START Supplied records

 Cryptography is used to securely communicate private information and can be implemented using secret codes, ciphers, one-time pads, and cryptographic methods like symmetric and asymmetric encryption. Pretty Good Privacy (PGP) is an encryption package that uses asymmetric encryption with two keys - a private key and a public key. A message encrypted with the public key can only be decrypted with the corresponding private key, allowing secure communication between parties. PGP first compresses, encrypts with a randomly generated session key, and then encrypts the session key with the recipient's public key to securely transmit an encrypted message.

END Supplied records
START Supplied records

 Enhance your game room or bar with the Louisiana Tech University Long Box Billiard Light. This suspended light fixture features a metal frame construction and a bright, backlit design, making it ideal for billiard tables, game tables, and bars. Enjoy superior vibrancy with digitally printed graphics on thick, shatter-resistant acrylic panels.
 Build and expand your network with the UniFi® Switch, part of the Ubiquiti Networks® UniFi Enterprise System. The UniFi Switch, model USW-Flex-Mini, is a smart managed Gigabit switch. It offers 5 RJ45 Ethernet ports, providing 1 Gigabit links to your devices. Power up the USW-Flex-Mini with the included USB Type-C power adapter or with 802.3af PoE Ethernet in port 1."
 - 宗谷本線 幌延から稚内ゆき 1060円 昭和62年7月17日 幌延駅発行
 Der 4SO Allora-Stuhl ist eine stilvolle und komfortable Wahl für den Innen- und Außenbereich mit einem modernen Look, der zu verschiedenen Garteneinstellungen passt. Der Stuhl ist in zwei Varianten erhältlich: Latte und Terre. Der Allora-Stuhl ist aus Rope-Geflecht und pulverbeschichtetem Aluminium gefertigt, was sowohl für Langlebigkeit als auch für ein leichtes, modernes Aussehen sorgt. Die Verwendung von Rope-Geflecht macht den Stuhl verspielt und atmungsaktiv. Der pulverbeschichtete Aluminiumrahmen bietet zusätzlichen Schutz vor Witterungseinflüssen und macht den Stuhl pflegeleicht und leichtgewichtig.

END Supplied records

**What you should do**:
From the data above, return every line from the line that has "Enhance your game" up to and including the line that has "- 宗谷本線 幌延から稚内ゆき 1060円 昭和62年7月17日 幌延駅発行", exactly.

**Exercise solution**:
 Enhance your game room or bar with the Louisiana Tech University Long Box Billiard Light. This suspended light fixture features a metal frame construction and a bright, backlit design, making it ideal for billiard tables, game tables, and bars. Enjoy superior vibrancy with digitally printed graphics on thick, shatter-resistant acrylic panels.
 Build and expand your network with the UniFi® Switch, part of the Ubiquiti Networks® UniFi Enterprise System. The UniFi Switch, model USW-Flex-Mini, is a smart managed Gigabit switch. It offers 5 RJ45 Ethernet ports, providing 1 Gigabit links to your devices. Power up the USW-Flex-Mini with the included USB Type-C power adapter or with 802.3af PoE Ethernet in port 1."
 - 宗谷本線 幌延から稚内ゆき 1060円 昭和62年7月17日 幌延駅発行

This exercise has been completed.